Prices for Home Depot countertops vary from around $35 to $1,500, depending on the material and amount required.
Theaverage prices for Home Depot countertop materials are as follows:
- Quartz: $50 to $90 per square foot, on average $68 per square foot
- Granite: $40 to $100 per square foot, on average $58 per square foot
- Solid Surface: $37 to $67 per square foot, on average $52 per square foot
- Laminate: $27 to $34 per square foot, on average $29 per square foot
There are also additional prices for finishes such as countertop edges (which are around $20), and corners (which are on average $60).
Other than that, Home Depot also sells a range of products to maintain and care for your countertops, such as oils and countertop cleaners.
If you want to know more about Home Depot’s services, you might also be interested in reading up on whether or not Home Depot cuts tile, if Home Depot installs dishwashers, and if Home Depot cuts metal sheets, pipes, and rods.

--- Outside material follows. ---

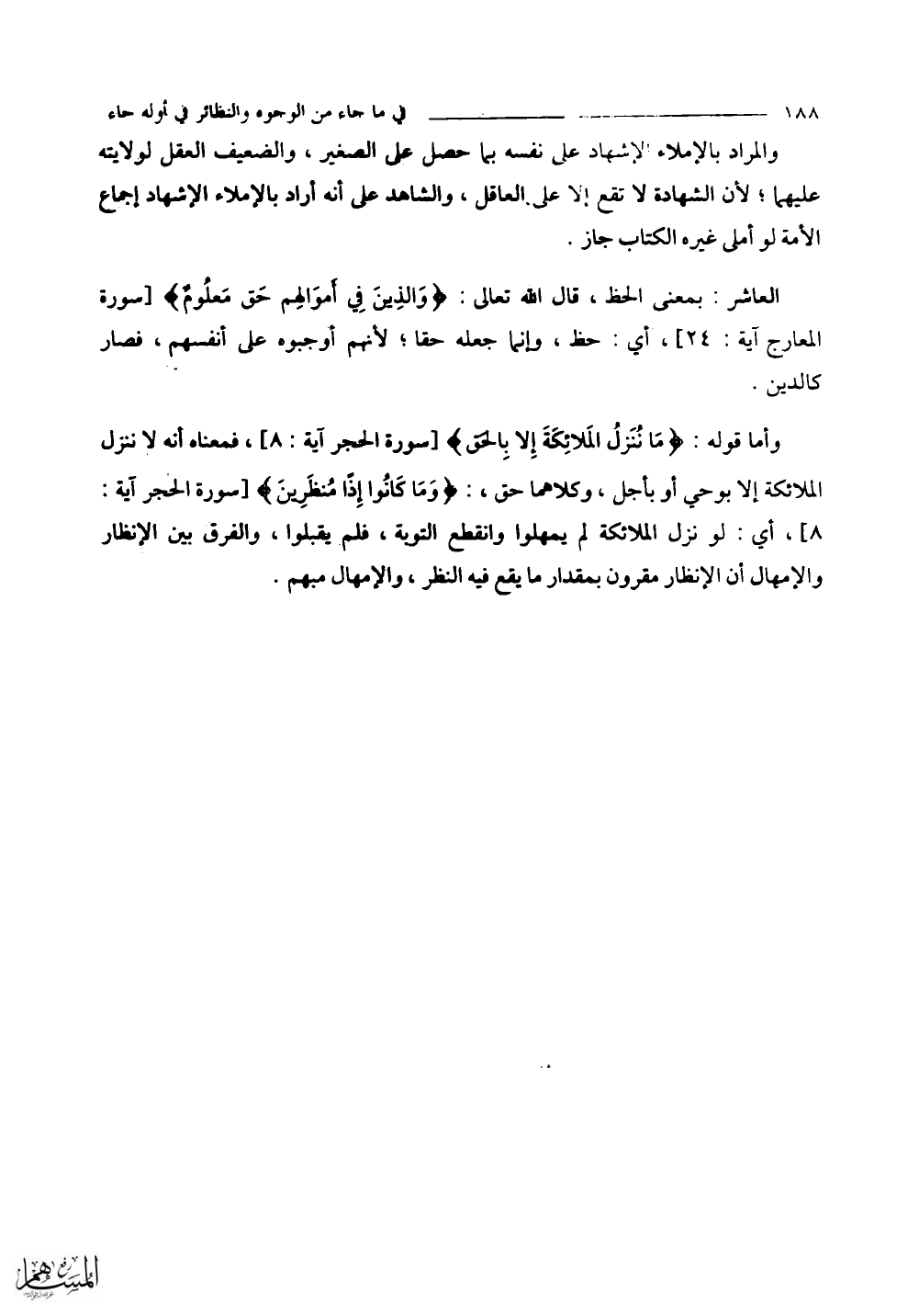 العاشر: بمعنى الحظ، قال الله تعالى: (وَالَّذِينَ فِي أَمْوَالِهِمْ حَقٌّ مَعْلُومٌ) أي: حظ، وإنما جعله حقا؛ لأنهم أوجبوه على أنفسهم، فصار كالدَّين.

Conclusion: Does Home Depot Cut Countertops?
Home Depot will only cut laminate, granite, and marble countertops if purchased through the store’s installation service.
Home Depot does not install butcher block countertops, and therefore, it is not cut there. IKEA can cut and install butcher block countertops.
Alternatively, you can buy or rent tools such as a circular saw to cut your own countertop.